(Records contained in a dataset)

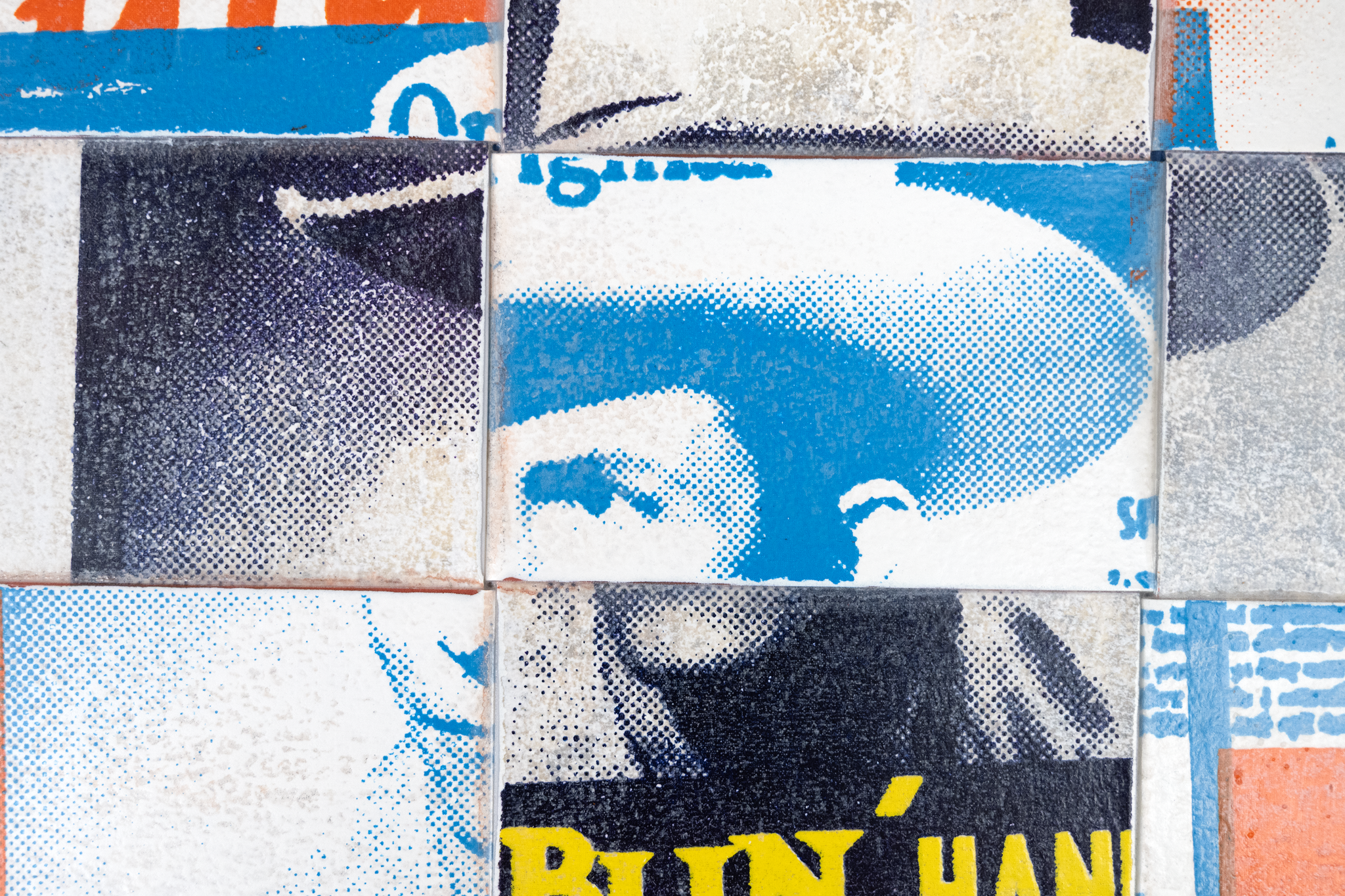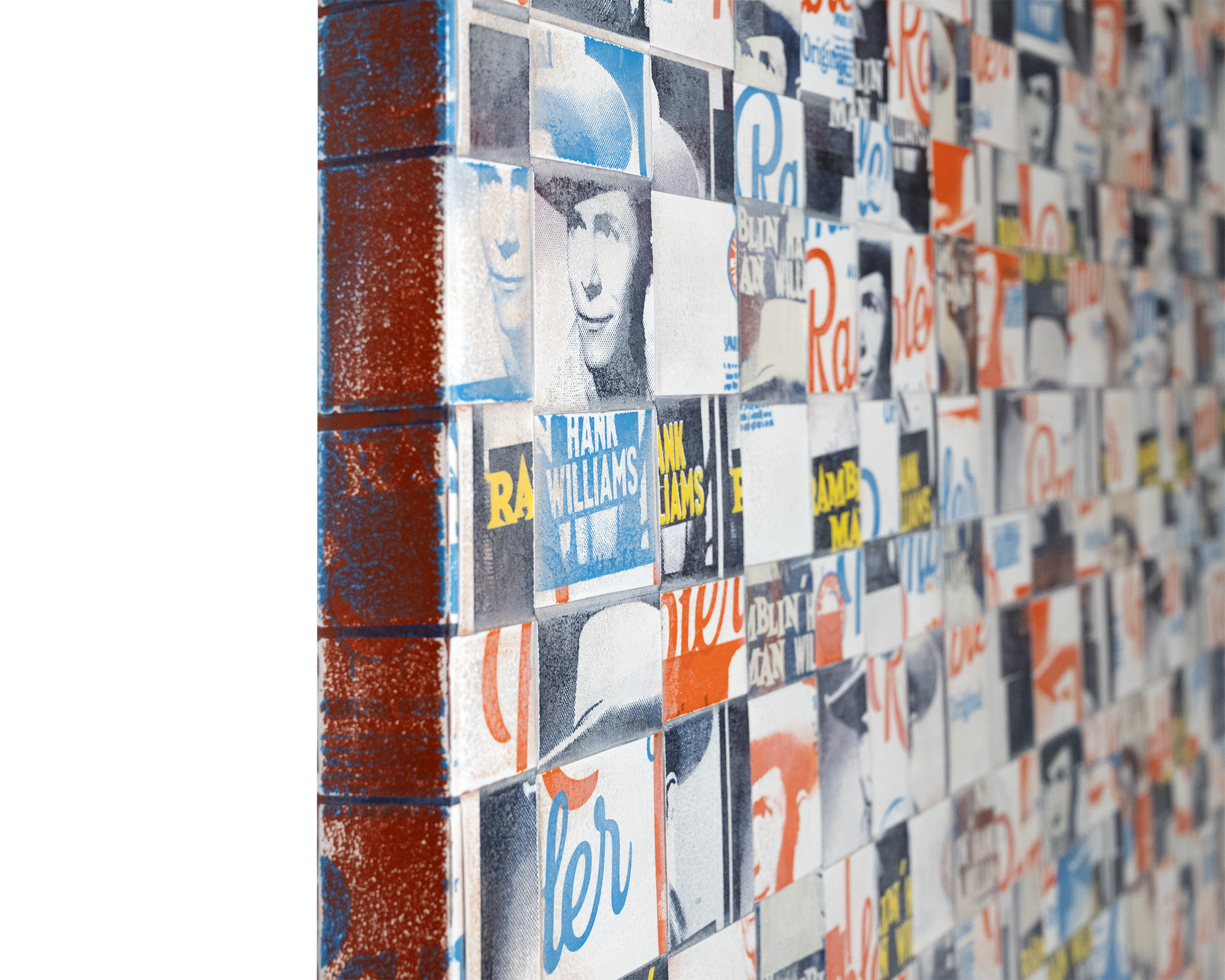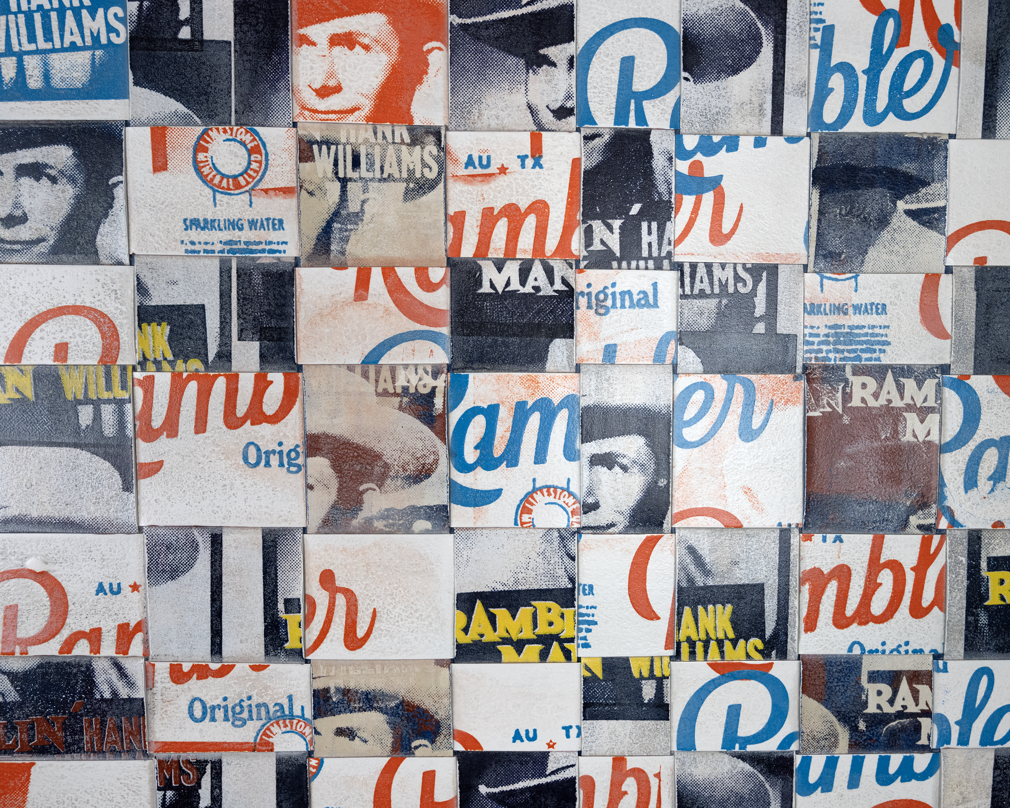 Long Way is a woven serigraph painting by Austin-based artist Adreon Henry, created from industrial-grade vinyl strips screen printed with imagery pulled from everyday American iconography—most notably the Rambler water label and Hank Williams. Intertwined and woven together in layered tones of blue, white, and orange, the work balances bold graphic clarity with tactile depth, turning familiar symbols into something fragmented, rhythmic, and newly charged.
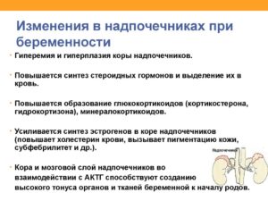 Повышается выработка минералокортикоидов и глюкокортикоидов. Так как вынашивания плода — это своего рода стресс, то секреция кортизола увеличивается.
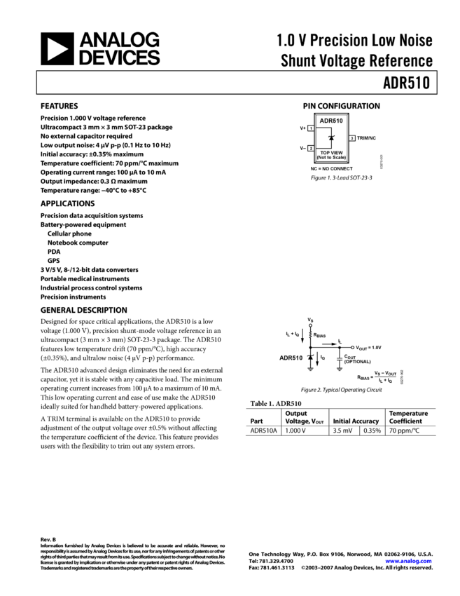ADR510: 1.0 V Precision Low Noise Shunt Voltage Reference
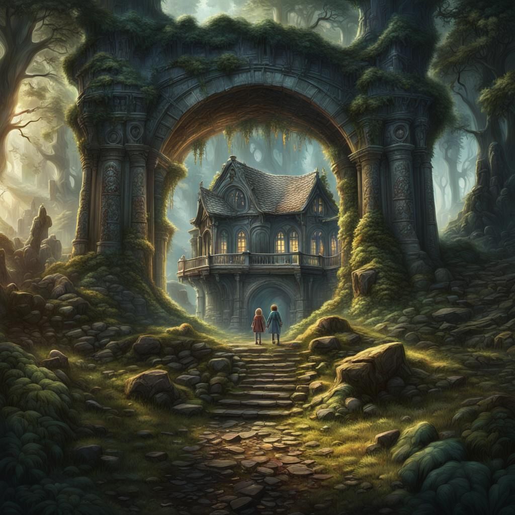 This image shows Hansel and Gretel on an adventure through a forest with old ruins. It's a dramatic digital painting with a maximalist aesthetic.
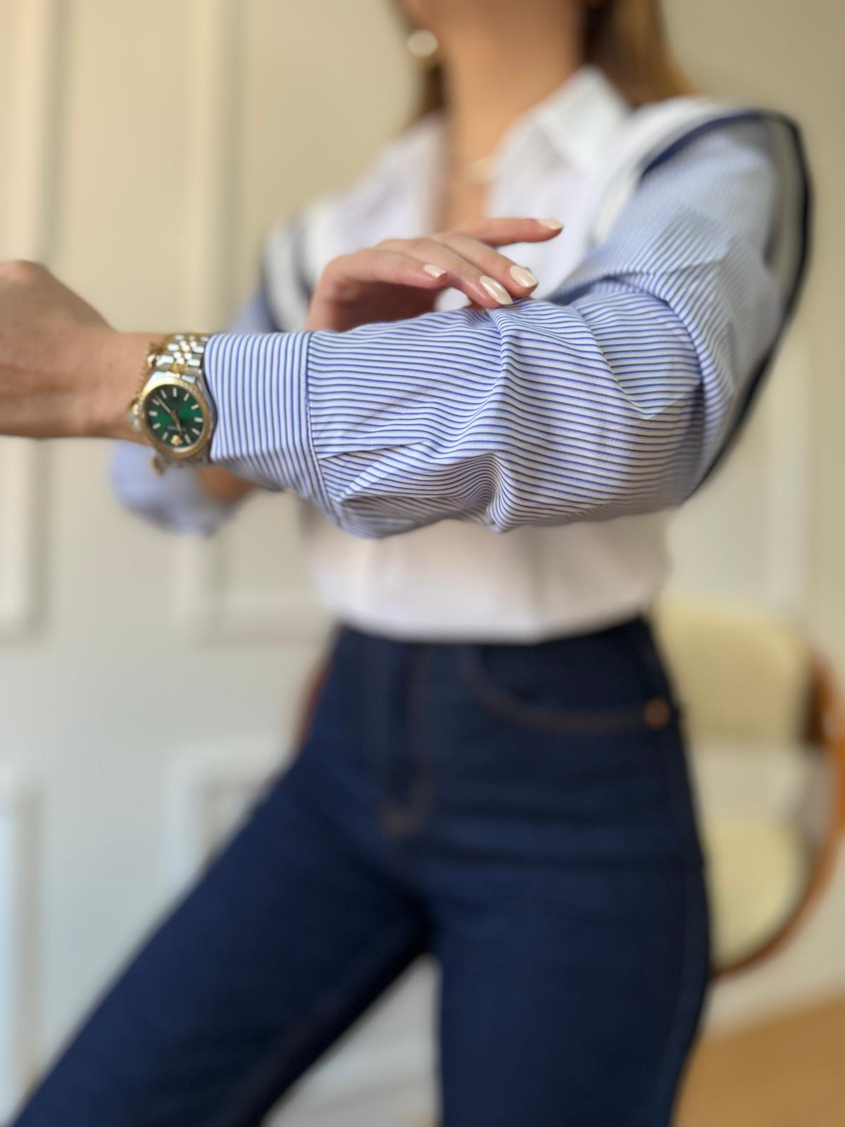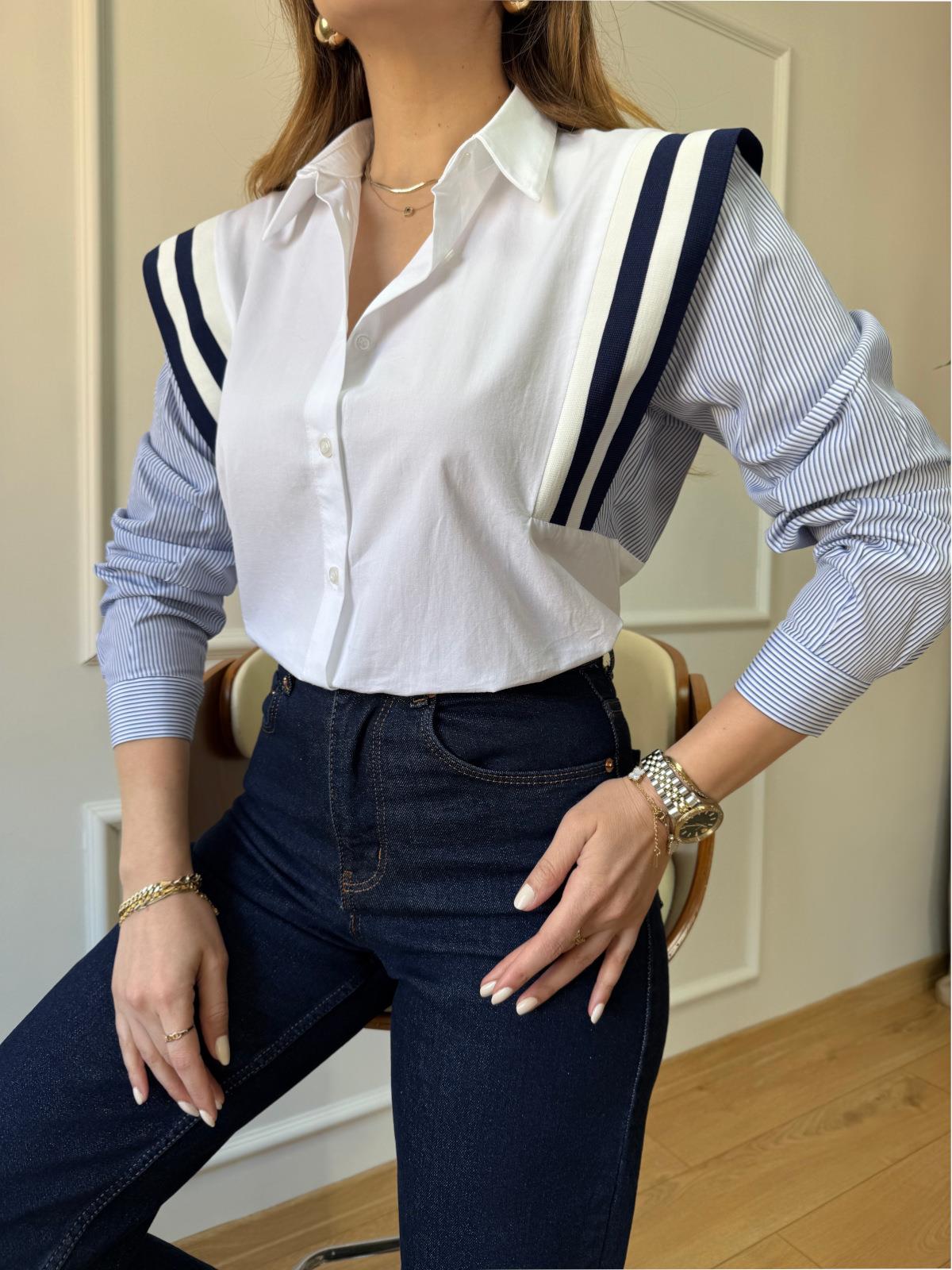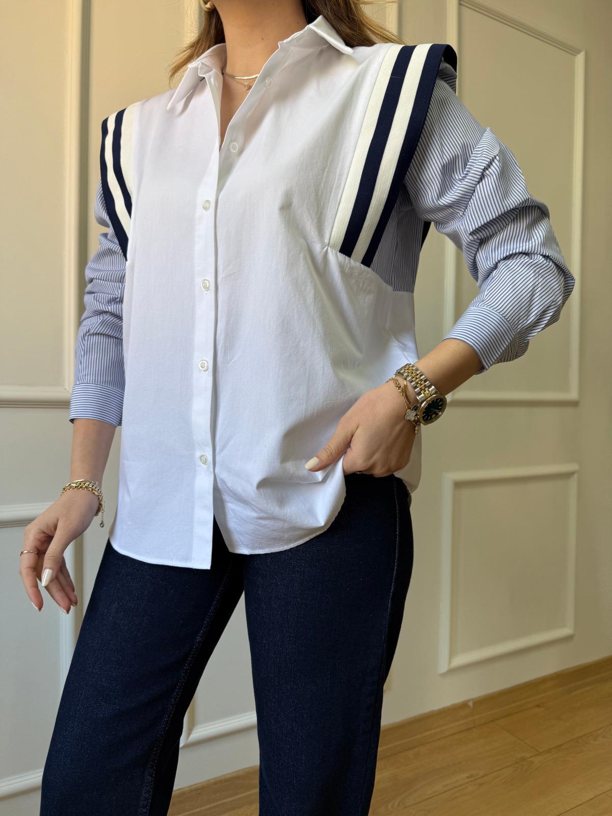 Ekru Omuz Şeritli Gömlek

BRIEF:
Pictures stay out, and every line of the records is transcribed exactly.

WORKED SOLUTION:
 Long Way is a woven serigraph painting by Austin-based artist Adreon Henry, created from industrial-grade vinyl strips screen printed with imagery pulled from everyday American iconography—most notably the Rambler water label and Hank Williams. Intertwined and woven together in layered tones of blue, white, and orange, the work balances bold graphic clarity with tactile depth, turning familiar symbols into something fragmented, rhythmic, and newly charged.
 Повышается выработка минералокортикоидов и глюкокортикоидов. Так как вынашивания плода — это своего рода стресс, то секреция кортизола увеличивается.
ADR510: 1.0 V Precision Low Noise Shunt Voltage Reference
 This image shows Hansel and Gretel on an adventure through a forest with old ruins. It's a dramatic digital painting with a maximalist aesthetic.
 Ekru Omuz Şeritli Gömlek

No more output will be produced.